AVAILABLE DATA:
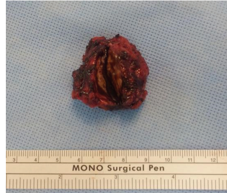
FIGURE 1: A mass of ~3.5 cm was removed. Grossly, white-yellowish-coloured tissue and brownish tissue were observed inside the lesion. A dark-brown-coloured fluid was found upon incision of the lesion.

The usefulness of imaging studies, including CT and USG, as well as fine-needle aspiration cytology (FNAC) is well documented. On ultrasound, AEC appears as a solid, heterogeneous hypoechoic mass with inner echogenic spots. The echogenic patterns are dependent on the haemorrhagic and fibrous components of the lesions. Although the attenuation varied, on CT mild-to-moderate enhancement of the lesion was observed in the abdominal wall close to the C/S scar [3]. Medeiros et al. published their clinical experience of FNAC in nine cases of AEC. They identified clusters of epithelial endometrial-like cells, endometrial-like stromal cells, and haemosiderin-laden macrophages in the lesion.
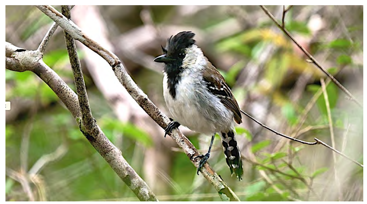
As of 2024, the Northern Silvery-cheeked Antshrike was recognized as a species, giving us yet another endemic to look for! We saw this lovely male in 2025.

Day 4, Wed, 14 Jan. Fernando de Noronha to Recife. After a final morning on the archipelago, we'll depart the islands for Recife. This afternoon we'll head out for our first taste of birding on the Continent en route to the small town of Palmares, about 3 hours south of Recife. Night in Palmares.

WORK ITEM:
Each line above starting at the one holding "The usefulness of" and ending at the one holding "As of 2024, the" should be set down exactly as it stands, both ends included, with no pictures.

RESPONSE AREA:
The usefulness of imaging studies, including CT and USG, as well as fine-needle aspiration cytology (FNAC) is well documented. On ultrasound, AEC appears as a solid, heterogeneous hypoechoic mass with inner echogenic spots. The echogenic patterns are dependent on the haemorrhagic and fibrous components of the lesions. Although the attenuation varied, on CT mild-to-moderate enhancement of the lesion was observed in the abdominal wall close to the C/S scar [3]. Medeiros et al. published their clinical experience of FNAC in nine cases of AEC. They identified clusters of epithelial endometrial-like cells, endometrial-like stromal cells, and haemosiderin-laden macrophages in the lesion.
As of 2024, the Northern Silvery-cheeked Antshrike was recognized as a species, giving us yet another endemic to look for! We saw this lovely male in 2025.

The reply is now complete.